** What needs to be done **
Nothing but the lines from the one containing "На 27 септември" through the end of the data below should appear in the answer, each exact and free of pictures.

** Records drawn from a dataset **
=== Begin Enclosure ===
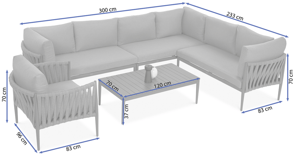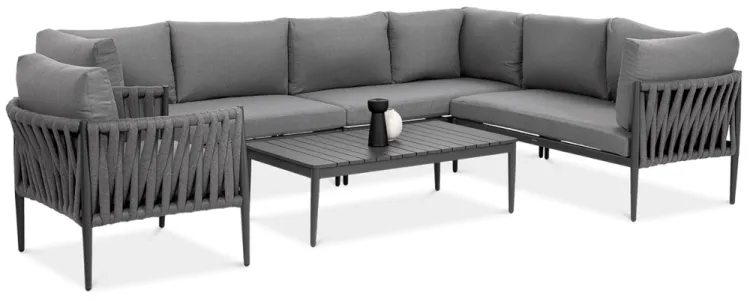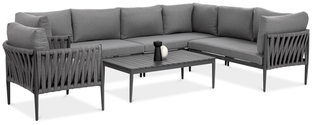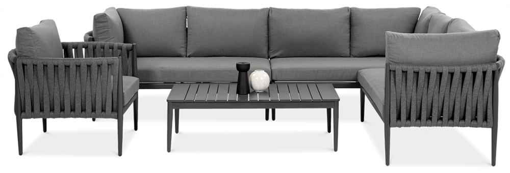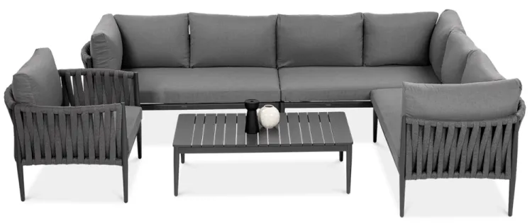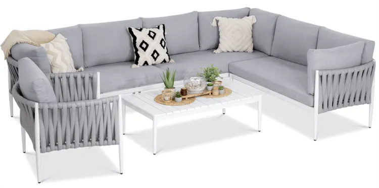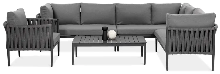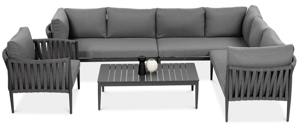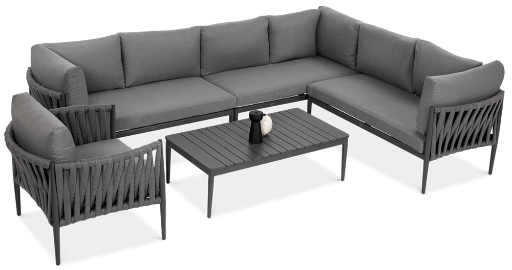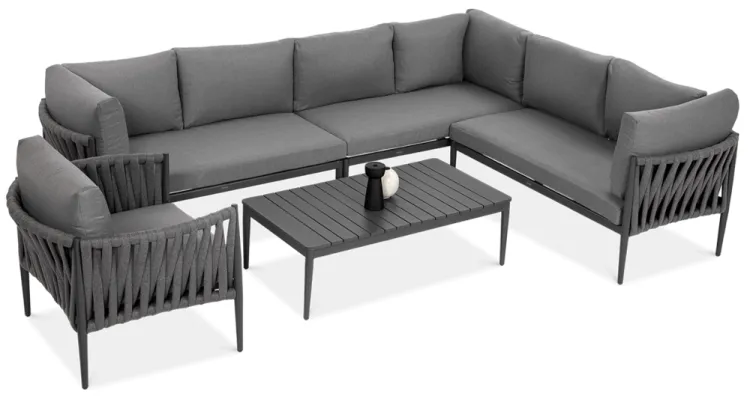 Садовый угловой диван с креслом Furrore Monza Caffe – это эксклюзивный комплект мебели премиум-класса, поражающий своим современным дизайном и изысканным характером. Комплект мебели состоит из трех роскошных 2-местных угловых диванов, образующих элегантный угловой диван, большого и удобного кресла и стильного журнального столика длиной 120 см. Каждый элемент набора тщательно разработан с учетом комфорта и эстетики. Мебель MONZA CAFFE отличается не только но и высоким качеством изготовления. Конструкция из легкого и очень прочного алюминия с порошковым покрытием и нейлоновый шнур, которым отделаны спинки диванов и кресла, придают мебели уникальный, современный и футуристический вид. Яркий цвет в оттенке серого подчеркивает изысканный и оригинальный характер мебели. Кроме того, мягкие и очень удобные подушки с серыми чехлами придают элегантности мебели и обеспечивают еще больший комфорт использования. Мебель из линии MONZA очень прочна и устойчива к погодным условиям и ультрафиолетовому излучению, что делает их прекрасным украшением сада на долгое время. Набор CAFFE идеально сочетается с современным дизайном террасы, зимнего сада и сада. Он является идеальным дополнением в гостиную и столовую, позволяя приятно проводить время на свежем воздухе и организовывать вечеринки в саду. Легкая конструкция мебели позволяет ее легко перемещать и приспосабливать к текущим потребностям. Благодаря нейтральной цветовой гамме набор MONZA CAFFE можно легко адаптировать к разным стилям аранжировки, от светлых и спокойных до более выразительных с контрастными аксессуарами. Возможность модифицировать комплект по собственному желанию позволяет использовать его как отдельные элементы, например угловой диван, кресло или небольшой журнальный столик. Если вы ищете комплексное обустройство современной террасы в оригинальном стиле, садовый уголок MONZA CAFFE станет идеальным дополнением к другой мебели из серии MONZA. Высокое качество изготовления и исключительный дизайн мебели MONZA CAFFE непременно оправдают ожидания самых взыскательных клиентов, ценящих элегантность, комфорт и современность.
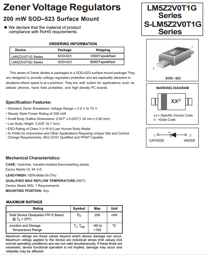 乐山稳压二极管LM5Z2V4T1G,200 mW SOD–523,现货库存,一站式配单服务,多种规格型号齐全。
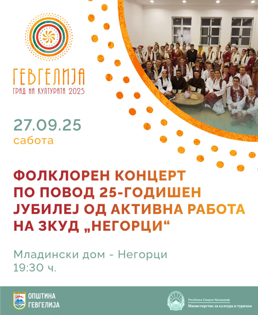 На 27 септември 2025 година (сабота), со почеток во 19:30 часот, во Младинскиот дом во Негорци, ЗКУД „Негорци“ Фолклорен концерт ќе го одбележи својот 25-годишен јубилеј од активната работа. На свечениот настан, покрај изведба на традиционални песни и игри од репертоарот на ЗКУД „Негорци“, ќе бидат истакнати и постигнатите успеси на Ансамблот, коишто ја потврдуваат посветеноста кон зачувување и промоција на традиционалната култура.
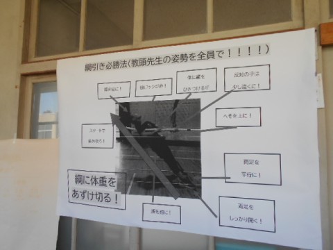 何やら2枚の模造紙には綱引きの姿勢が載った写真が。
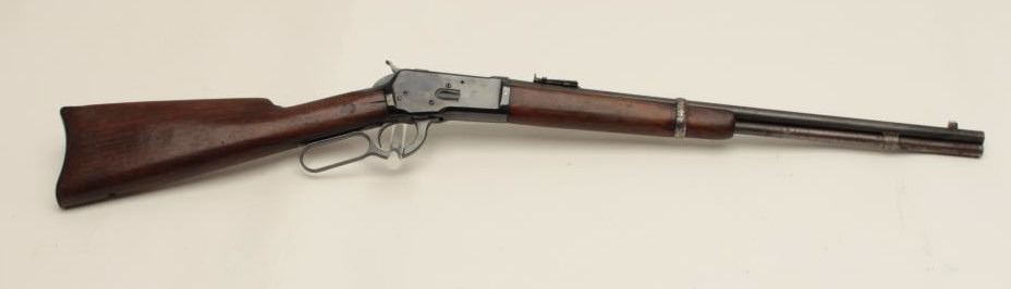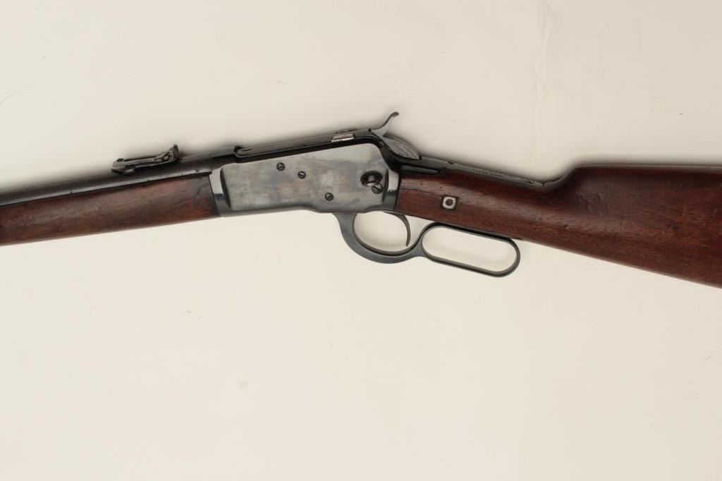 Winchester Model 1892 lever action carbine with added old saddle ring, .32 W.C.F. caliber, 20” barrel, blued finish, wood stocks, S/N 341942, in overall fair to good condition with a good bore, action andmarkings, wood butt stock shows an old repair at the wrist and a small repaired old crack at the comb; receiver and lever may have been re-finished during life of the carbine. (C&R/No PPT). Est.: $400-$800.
=== End Enclosure ===
** Task solution **
 На 27 септември 2025 година (сабота), со почеток во 19:30 часот, во Младинскиот дом во Негорци, ЗКУД „Негорци“ Фолклорен концерт ќе го одбележи својот 25-годишен јубилеј од активната работа. На свечениот настан, покрај изведба на традиционални песни и игри од репертоарот на ЗКУД „Негорци“, ќе бидат истакнати и постигнатите успеси на Ансамблот, коишто ја потврдуваат посветеноста кон зачувување и промоција на традиционалната култура.
 何やら2枚の模造紙には綱引きの姿勢が載った写真が。
 Winchester Model 1892 lever action carbine with added old saddle ring, .32 W.C.F. caliber, 20” barrel, blued finish, wood stocks, S/N 341942, in overall fair to good condition with a good bore, action andmarkings, wood butt stock shows an old repair at the wrist and a small repaired old crack at the comb; receiver and lever may have been re-finished during life of the carbine. (C&R/No PPT). Est.: $400-$800.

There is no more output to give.